TASK DETAILS: Below are lines of data; count those containing the word "left" and write nothing but the number.

Items listed in a dataset:
=== Begin Enclosure ===
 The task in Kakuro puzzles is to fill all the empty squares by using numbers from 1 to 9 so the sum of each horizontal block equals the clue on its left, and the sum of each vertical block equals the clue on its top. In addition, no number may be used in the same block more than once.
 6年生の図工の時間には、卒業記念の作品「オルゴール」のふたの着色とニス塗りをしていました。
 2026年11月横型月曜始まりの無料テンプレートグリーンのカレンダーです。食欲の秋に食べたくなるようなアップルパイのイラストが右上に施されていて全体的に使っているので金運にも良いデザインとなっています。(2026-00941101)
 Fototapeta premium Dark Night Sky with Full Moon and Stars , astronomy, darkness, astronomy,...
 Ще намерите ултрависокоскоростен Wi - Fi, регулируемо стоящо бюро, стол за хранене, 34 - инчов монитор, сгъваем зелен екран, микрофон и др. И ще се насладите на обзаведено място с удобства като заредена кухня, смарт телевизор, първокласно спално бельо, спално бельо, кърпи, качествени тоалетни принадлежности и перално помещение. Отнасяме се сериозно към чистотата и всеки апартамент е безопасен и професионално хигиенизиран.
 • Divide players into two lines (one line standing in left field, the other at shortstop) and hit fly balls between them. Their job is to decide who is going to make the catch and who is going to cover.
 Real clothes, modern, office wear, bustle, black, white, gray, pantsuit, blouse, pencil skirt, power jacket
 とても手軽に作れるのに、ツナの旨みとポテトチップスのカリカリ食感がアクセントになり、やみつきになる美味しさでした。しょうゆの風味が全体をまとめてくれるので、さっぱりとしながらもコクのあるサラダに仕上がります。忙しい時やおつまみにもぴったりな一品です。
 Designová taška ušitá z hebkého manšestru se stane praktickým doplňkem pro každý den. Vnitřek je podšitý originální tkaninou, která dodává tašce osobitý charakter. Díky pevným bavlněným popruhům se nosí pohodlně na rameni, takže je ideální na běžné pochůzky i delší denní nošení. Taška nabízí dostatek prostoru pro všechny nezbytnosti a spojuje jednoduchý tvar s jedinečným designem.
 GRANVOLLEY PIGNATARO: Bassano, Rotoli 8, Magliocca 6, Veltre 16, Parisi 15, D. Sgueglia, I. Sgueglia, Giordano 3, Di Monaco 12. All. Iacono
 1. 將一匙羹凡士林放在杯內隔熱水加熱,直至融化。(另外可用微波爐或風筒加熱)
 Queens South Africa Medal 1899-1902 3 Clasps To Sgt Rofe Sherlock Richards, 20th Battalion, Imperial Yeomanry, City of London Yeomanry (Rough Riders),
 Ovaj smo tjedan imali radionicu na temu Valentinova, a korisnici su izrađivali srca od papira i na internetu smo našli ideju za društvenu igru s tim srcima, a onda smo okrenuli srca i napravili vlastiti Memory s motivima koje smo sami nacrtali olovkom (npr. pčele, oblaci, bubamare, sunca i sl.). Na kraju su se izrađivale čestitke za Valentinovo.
=== End Enclosure ===
EXPECTED OUTPUT: 2